# New Isaac Sonic



## ciclisto (Nov 8, 2005)

Just rode my new blue carbon Isaac Sonic with campy record/chorus ; very sweet , this bike is flawlessly finished and stiff as I expected yet with a very compliant ride.....This was at close out prices but I could not be happier with this > it has the best carbon finish and is beautiful with minimalist decals. with black tires seat and red tape nice understated ride.
I researched this and took a chance with the company folding (to restart) and it is my first Asian frame but it is a keeper. I think this small company was overlooked.


----------



## T-Fen (Aug 1, 2007)

Pictures please...


----------



## ciclisto (Nov 8, 2005)

report after 5 weeks, after dial in ...the rear hanger was out of alignment, and some front derailleur adjustments etc.
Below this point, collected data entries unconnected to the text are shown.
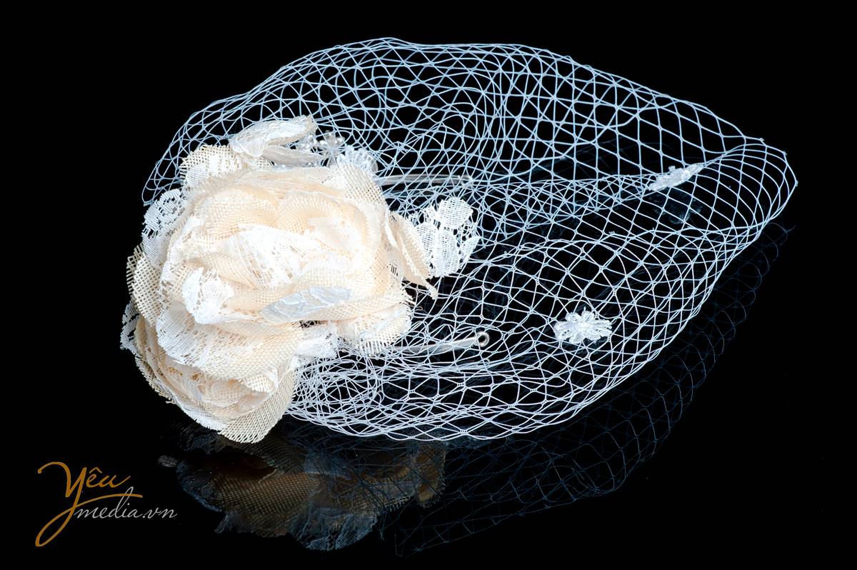 Có thể nói chiếc hoa cài tóc này được thiết kế đặc biệt nhất trong bộ sưu tập trang sức cô dâu của Yêu Media trong mùa cưới 2018. Chiếc hoa cài tóc gồm một bông hồng xinh xắn được làm bằng vải đăng ten màu kem, phần lưới trắng được đính những bông hoa nhỏ xinh vừa bớt nhàm chán và làm tăng sự dịu dàng. Phần hoa được gắn vào kim loại giúp đính vào tóc dễ dàng.
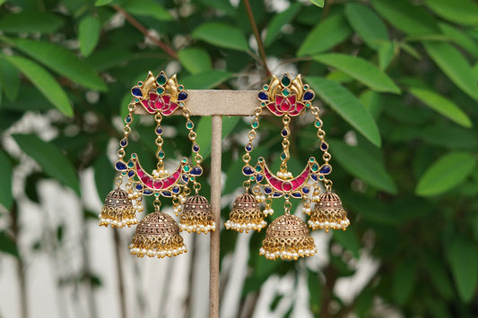 This stunning collection showcases an array of meticulously crafted earrings, ranging from traditional Jhumkas and intricate Chandbalis to contemporary crystal-studded hoops and floral studs.
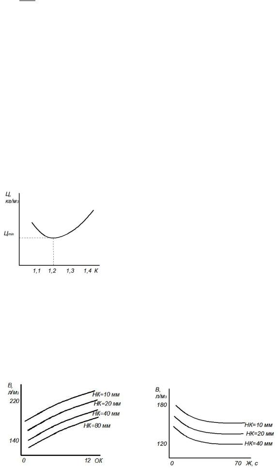 Зная прочности и расходы цемента на 1 м3 бетона для каждого состава, строится график зависимости расхода цемента от коэффициента раздвижки зёрен крупного заполнителя.
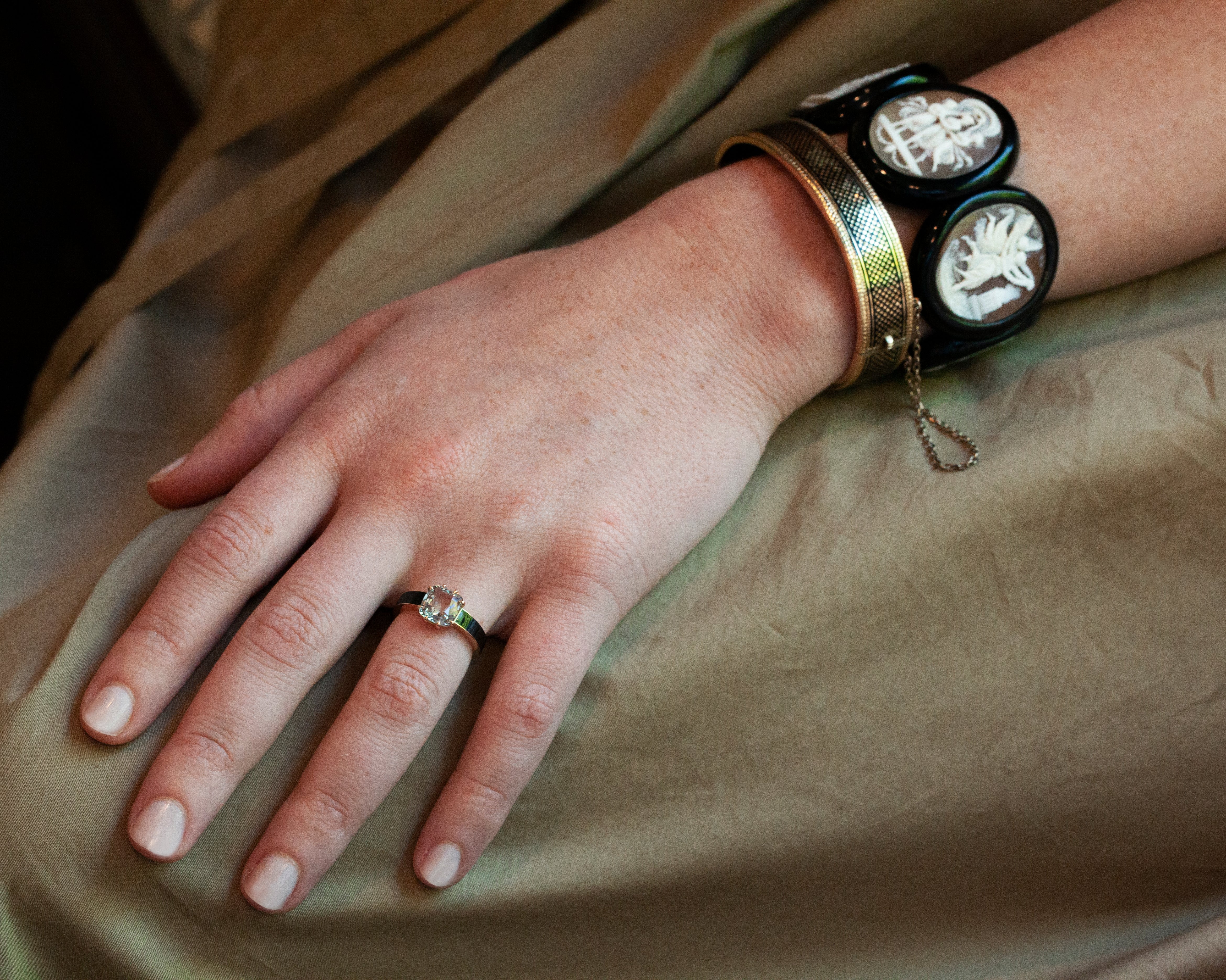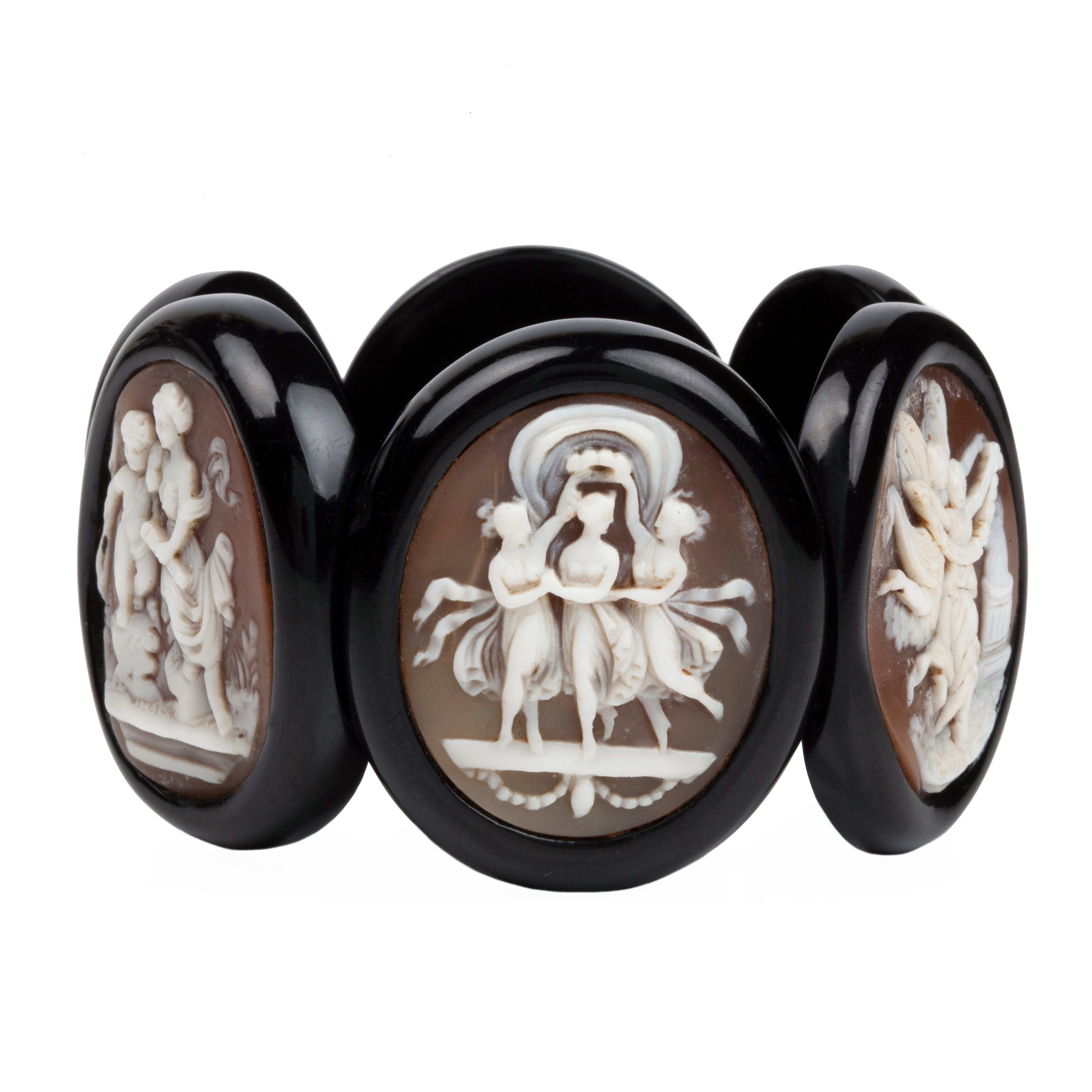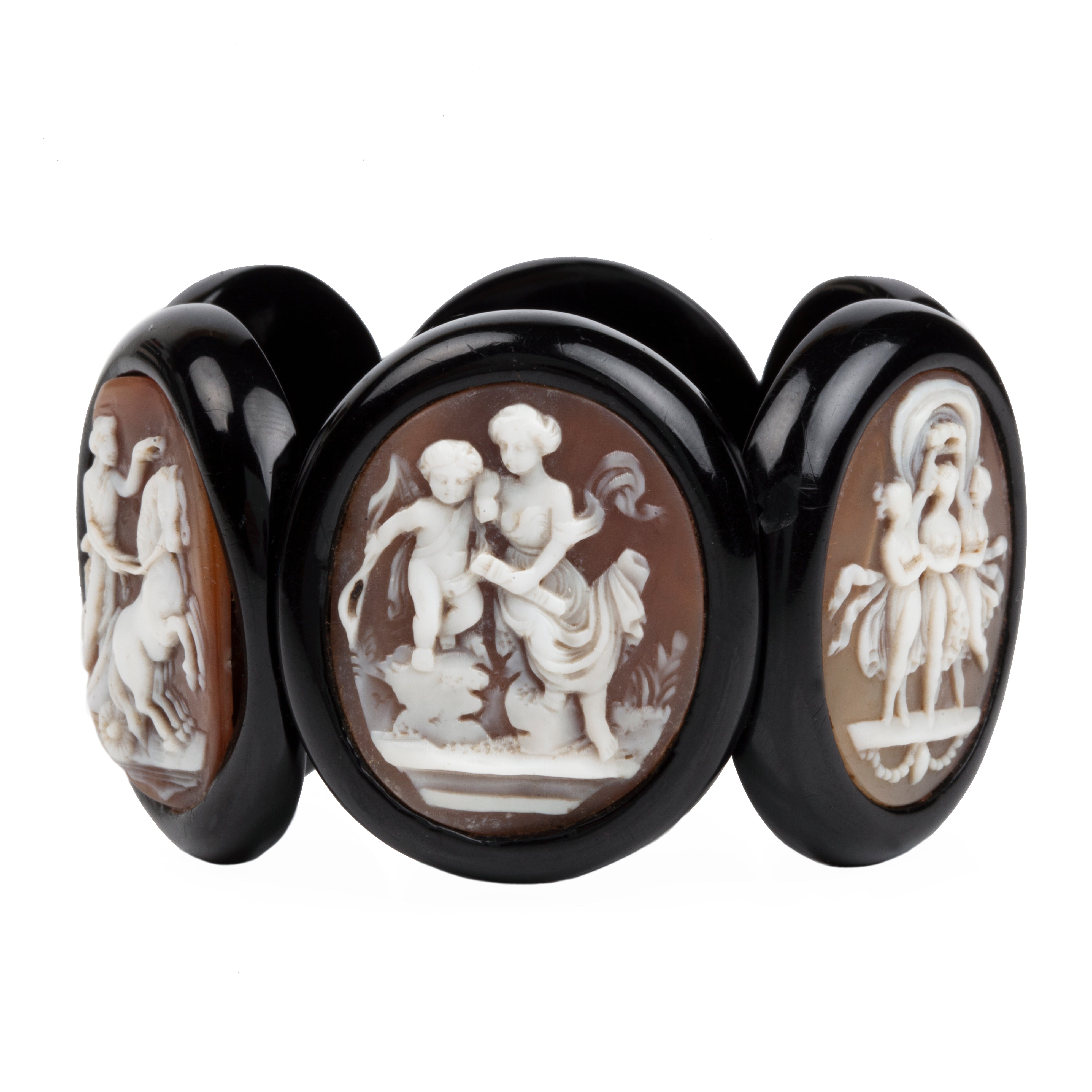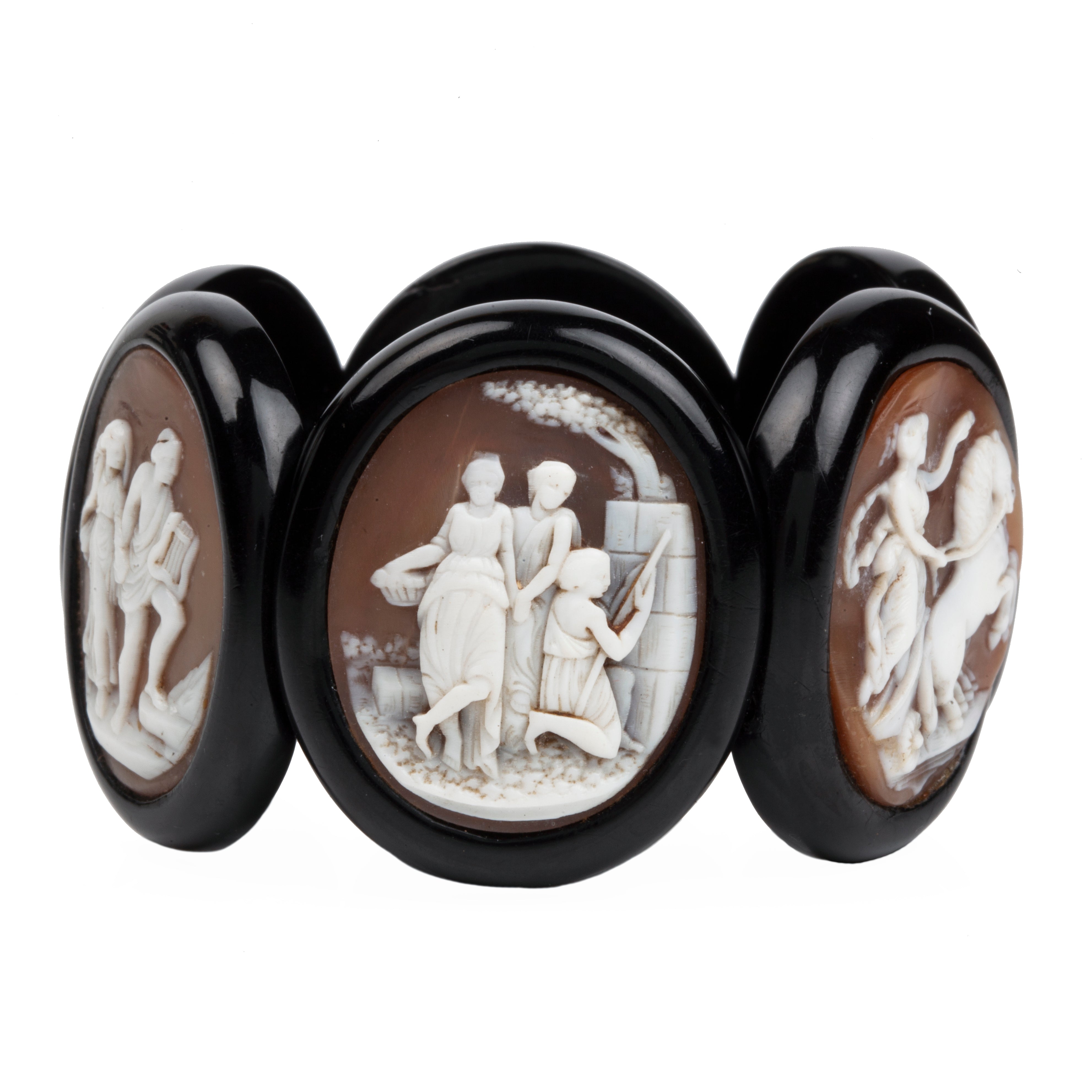 Rare Victorian era Whitby jet cameo bracelet. Each panel has individual carved hard shell cameo plaques. Carved panels are strung on stretch cord which was its original form. The best carvers in Whitby were sent to Naples, to train in the tradition of cameo carving. English in origin. Circa 1870.
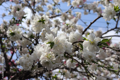 Beautiful peach blossoms blooming under a clear spring sky are the perfect visual for a seasonal floral theme.

This bike is beautiful well made sturdy and most of all the holy grail for me..... it is super stiff , light and climbs better then anything, it also rides 90% as comfortable as my Colnago C50...I have no issues and can stop riding it I usually only ride a bike two weeks then shift to another and clean adjust the last.....No desire to ride the others yet. The blue carbon is the best one of a kind and very little graphics.
will try to post photos it is blue with red tape pedals and cage. They are not being made now if you can find one it is a gem.

Isaac Sonic
C-50
Master light Molteni
Merckx corsa 01
De Rosa macro
Holland custom steel sl/sp


----------



## Guest (Aug 27, 2009)

pictures?


----------



## kung-fu-panda (Dec 19, 2009)

Isaac back in business @ :http://www.isaac-cycle.com/?gclid=CIesypfq4Z4CFSWlagod7C74Iw


----------